**Record extracts:**
============

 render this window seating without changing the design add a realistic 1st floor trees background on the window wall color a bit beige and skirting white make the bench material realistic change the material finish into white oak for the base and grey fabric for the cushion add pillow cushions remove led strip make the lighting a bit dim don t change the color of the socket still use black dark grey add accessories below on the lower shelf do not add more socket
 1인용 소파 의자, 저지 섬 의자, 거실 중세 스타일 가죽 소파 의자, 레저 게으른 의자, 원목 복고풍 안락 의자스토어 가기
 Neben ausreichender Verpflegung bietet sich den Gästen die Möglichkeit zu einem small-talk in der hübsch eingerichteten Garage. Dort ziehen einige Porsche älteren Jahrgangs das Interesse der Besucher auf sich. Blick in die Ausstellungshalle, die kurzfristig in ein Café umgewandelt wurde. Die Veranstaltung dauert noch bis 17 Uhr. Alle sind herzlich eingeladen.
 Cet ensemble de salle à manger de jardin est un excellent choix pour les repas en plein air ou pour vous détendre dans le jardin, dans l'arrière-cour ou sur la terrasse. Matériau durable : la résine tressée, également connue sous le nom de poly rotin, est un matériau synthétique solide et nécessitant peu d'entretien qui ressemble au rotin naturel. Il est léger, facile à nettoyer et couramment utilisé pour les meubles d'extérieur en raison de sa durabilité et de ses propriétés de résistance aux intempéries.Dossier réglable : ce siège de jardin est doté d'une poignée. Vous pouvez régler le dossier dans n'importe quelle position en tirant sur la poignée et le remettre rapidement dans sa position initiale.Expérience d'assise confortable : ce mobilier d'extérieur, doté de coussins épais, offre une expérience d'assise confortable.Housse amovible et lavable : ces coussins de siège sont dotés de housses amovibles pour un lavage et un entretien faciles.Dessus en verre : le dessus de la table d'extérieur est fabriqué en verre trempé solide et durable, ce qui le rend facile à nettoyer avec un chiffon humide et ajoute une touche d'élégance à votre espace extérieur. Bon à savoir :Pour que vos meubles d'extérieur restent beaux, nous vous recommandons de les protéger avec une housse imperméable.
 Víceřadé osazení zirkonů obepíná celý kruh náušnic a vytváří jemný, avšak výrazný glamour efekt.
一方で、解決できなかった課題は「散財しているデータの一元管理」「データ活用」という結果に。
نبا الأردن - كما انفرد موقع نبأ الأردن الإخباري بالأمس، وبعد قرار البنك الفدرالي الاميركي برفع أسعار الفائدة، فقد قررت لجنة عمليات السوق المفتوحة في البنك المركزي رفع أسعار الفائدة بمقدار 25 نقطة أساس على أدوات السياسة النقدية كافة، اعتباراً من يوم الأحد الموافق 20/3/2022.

============

**What is required:** Above are the entries. Copy exactly the part that opens with the line containing "Víceřadé osazení zirkonů" and closes with the line containing "一方で、解決できなかった課題", and no more.

**Result for this task:**
 Víceřadé osazení zirkonů obepíná celý kruh náušnic a vytváří jemný, avšak výrazný glamour efekt.
一方で、解決できなかった課題は「散財しているデータの一元管理」「データ活用」という結果に。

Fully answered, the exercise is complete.